### Task prompt
Look below for the line containing "Ads can be displayed"; from there, print each line exactly up to and including the line containing "Длина: 10 см.", and stop.

### Records for the exercise
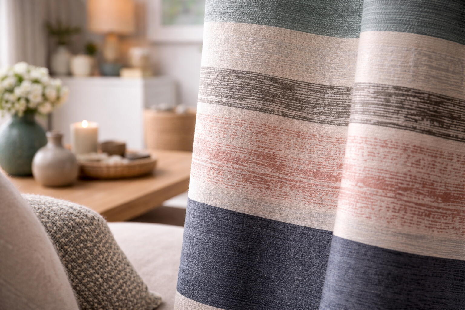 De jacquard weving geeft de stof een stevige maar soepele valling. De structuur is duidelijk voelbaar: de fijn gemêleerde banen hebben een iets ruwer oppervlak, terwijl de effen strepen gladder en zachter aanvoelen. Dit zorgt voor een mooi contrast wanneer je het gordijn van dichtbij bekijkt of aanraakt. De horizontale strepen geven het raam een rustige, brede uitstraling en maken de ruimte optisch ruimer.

---

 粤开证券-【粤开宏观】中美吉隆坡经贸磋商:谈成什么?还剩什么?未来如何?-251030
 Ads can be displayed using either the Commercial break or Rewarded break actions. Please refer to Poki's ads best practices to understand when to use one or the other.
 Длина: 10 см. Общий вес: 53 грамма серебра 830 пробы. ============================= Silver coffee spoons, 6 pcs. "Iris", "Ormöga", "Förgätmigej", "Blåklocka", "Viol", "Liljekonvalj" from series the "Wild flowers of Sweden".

...

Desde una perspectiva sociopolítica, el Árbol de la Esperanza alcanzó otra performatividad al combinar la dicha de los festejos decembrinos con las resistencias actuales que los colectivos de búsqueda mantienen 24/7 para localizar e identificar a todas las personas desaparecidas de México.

### Result for this task
 Ads can be displayed using either the Commercial break or Rewarded break actions. Please refer to Poki's ads best practices to understand when to use one or the other.
 Длина: 10 см. Общий вес: 53 грамма серебра 830 пробы. ============================= Silver coffee spoons, 6 pcs. "Iris", "Ormöga", "Förgätmigej", "Blåklocka", "Viol", "Liljekonvalj" from series the "Wild flowers of Sweden".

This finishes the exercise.